Using [ LIST #1, LAST #1 ] and pop-non-empty-diff-list deal with the second point but not the first.

That’s certainly true. It’s (as we have seen) hard to make predictions about how troublesome a potential problem will actually be.

Unifying in a non-empty non-broken diff-list will produce a cycle. However, as Guy pointed out, it doesn’t force LIST to be null, so you could unify [ LIST #1, LAST #1] with [ LIST < blah > ] without producing a failure, because its LAST is unspecified. Unifying with <! blah !>, however, will fail.

I have recently been thinking about this from the perspective of the (D)MRS algebra. Implicitly, lexical threading of SLASH means that (D)MRS composition can manipulate SLASH. In normal composition, one (D)MRS is the functor and the other is the argument, and we can only manipulate the argument via its HOOK – the three elements of the HOOK (INDEX, TOP, XARG) can be unified with slots in the functor. With lexical threading, we’re manipulating both HOOK and SLASH.

So from the point of view of the algebra, it might be preferable not to let the functor directly manipulate SLASH. We already have a mechanism for relabelling slots (e.g. in a passive construction), and we could do something similar with SLASH, before composition.
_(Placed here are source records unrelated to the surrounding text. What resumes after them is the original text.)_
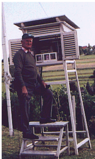
Figure 1.5.3. Meteorological station in Malkovec, a view to west, on 26 th of August 1996

Na postaji v Malkovcu merijo temperaturo zraka 2 m nad tlemi, vlago zraka, smer in hitrost vetra, višino padavin in snežne odeje ter opazujejo oblačnost in meteorološke parametre. Od julija 1999 merijo temperaturo in vlago zraka, smer in hitrost vetra ter višino padavin tudi z elektronskimi senzorji.
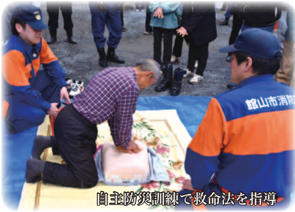
自主防災訓練で救命法を指導

この状況は、住民の安全安心に関わる大きな課題となっています。対して消防団では、自主防災会や学校の防災訓練、町内会のイベントなどへ積極的に参加し、地域の皆さんと交流することで防災力の向上に努めています。これらの活動をを通じて消防団への理解を深め、身近な存在に感じてもらうことで、団員の確保に繋げようとしています。
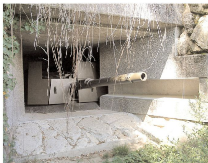
Neueste Anlage: «Centurion-Bunker» im Löwenberg bei Murten. Am Ende des Kalten Krieges erstellt. Turm des Centurion Panzers mit Zusatzpanzerung und Kanone in Feuerstellung.

Im letzten Jahr haben hunderte von Besuchern von diesen Angeboten Ge-

The idea is that, in a construction like “easy to try to replace”, the composition of “easy” and “to try to replace” will actually happen in two steps: the first step involves relabelling the semantics of “to try to replace” (so that what was at the top of the SLASH list is now in the HOOK), and then the second step is normal composition. The benefit is that SLASH propagation can now be treated uniformly across all composition, so lexical threading isn’t necessary. Instead, “easy” will have a type that licenses this construction. The construction could be treated syntactically as two rules (a special unary rule for “to try to replace” and then the normal head-complement rule), or a single rule (a special head-complement rule that bundles the two semantic operations together).

I think this would follow @ebender’s suggestion to drop lexical threading altogether, and introduce a special head-comp-like construction – but in a way that doesn’t complicate the algebra. In fact, by viewing it as relabelling plus normal composition, the algebra can be simpler.